- Born: Richard Lawrence Stevenson December 22, 1930 Los Angeles, California, U.S.
- Died: 25 March 2012 (aged 81) Santa Monica, California, U.S.
- Education: Santa Monica College
- Occupation: Inventor
- Known for: Skateboard kicktail

= Larry Stevenson =

Richard Lawrence "Larry" Stevenson (December 22, 1930 - March 25, 2012) was an American Skateboarder. He was the inventor of the kicktail, the bent-upwards end of a skateboard, which made most of today's skateboarding tricks possible and essentially revolutionized the sport.

==Early life==
Stevenson was born in 1930 in Los Angeles, California; his mother was Inez Kiem and his father was Leonard Stevenson. After high school Larry Stevenson joined the U.S. Navy as a fighter mechanic. He served for two years in the Korean War.

After that, he went on to Santa Monica College in California and became a swimmer. He played water polo and swam for Coach John Josephs. Stevenson won the all American award for fastest time for the breast stroke. The record was only recently broken, and he was given a lifetime allowance into any Santa Monica College event, if he wished to attend. After SMC, Stevenson went to USC, on a swimming scholarship, where he majored in business.

During the middle to late part of the 1950s, Stevenson became a Venice Beach lifeguard for the city of Los Angeles. While sitting watching surfers he noticed they would skate on crude skateboards back in the parking lots at the beach. This was true especially when there was no surf. Stevenson, while visiting Hawaii en route to Korea, during the war noticed a great surfing beach called "Makaha". All those years later he remembered how much he liked the beach in Hawaii, but he also loved the name Makaha.

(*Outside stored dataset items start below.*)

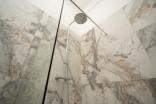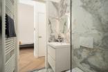 Slaapkamer en badkamer toegang via de hal. Badkamer is voorzien van natuurstenen tegels, regendouche, verwarmde spiegel met verlichting, handdoek radiator, badmeubel met lades en zwevend toilet.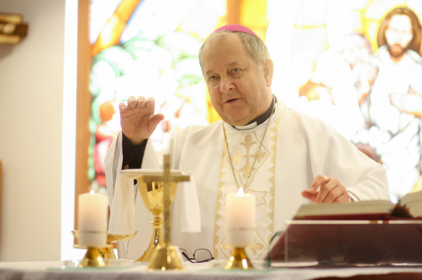 Bábel Balázs kalocsa-kecskeméti érsek, az Országos Egyházművészeti és Műemléki Tanács (OEMT) elnöke volt a szentmise főcelebránsa, aki szentbeszédében először megemlékezett azokról a már örökkévalóságba költözött egykori munkatársakról, akik az egyházművészetért dolgoztak földi életük során. A főpásztor a felolvasott evangéliumi rész kapcsán – mely a szőlőtőről és a szőlővesszőről szólt –, arról beszélt, hogy már e szakasz is művészetet ihlető, hiszen az anyagi világ felhasználásával többet, szebbet, a transzcendenst megjelenítő szépségét tudja megmutatni minden képi ábrázolása. Hány és hány alkotáson szerepel a dúsan termő szőlőtő szimbóluma, Jézus Krisztus ábrázolásaként, melyről leágazik a szőlővessző, a kereszténység. Az érsek hangsúlyozta, hogy a teremtett világban, a művészetben Isten szépségének lenyomatát találhatjuk meg. A vallásossághoz, az Isten kereséséhez tehát mindig hozzátartozott a művészet, melynek a liturgiára kell összpontosulnia, tükröznie kell a hit tisztaságát. A művészet tehát nagy alázatosságot igényel attól is, aki létrehozza, attól is, aki megőrzi, nyilvántartja, restaurálja – zárta szentbeszédét a főpásztor.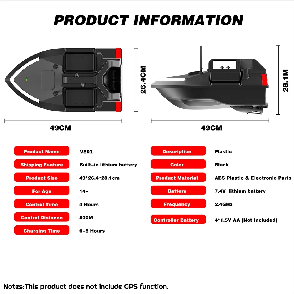Tenga en cuenta: este barco de pesca no puede usar dos baterías al mismo tiempo. Si compra un juego de dos baterías, la otra batería es una batería de repuesto.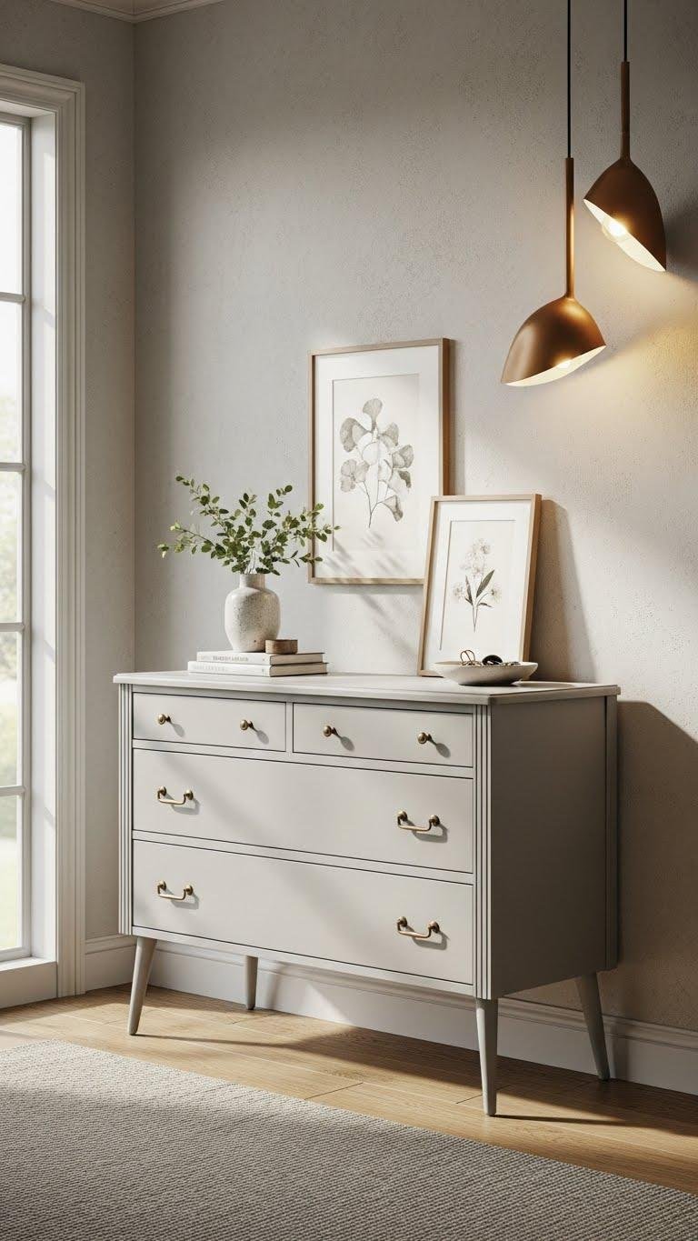 Anchor your entryway or living room with a repurposed antique dresser turned console table to add instant character and smart storage without sacrificing style. You’ll modernize it—clean lines, fresh finish, preserved distressed hardware—and pair it with sculptural lighting and simple art. Tapered legs keep proportions airy, letting you express independent taste while enjoying practical drawers for keys, mail, and liberated living.

After a short period of time, Stevenson started MAKAHA skateboards. He is credited with being the man who made the first high-quality skateboard. He patented the double kicktail in 1969, had the first skate team in 1963, and held the first skateboard contest in 1963. Stevenson also published Surfguide magazine during the 1960s, and Poweredge skateboarding magazine during the 1980s and 1990s. He was involved with Makaha and Poweredge; both have been reborn with new editors.

He was inducted into the Skateboarding Hall of Fame in 2010.

==Death==
Stevenson died on March 25, 2012, from complications of pneumonia due to Parkinson's disease in his Santa Monica home. He died in the age of 81.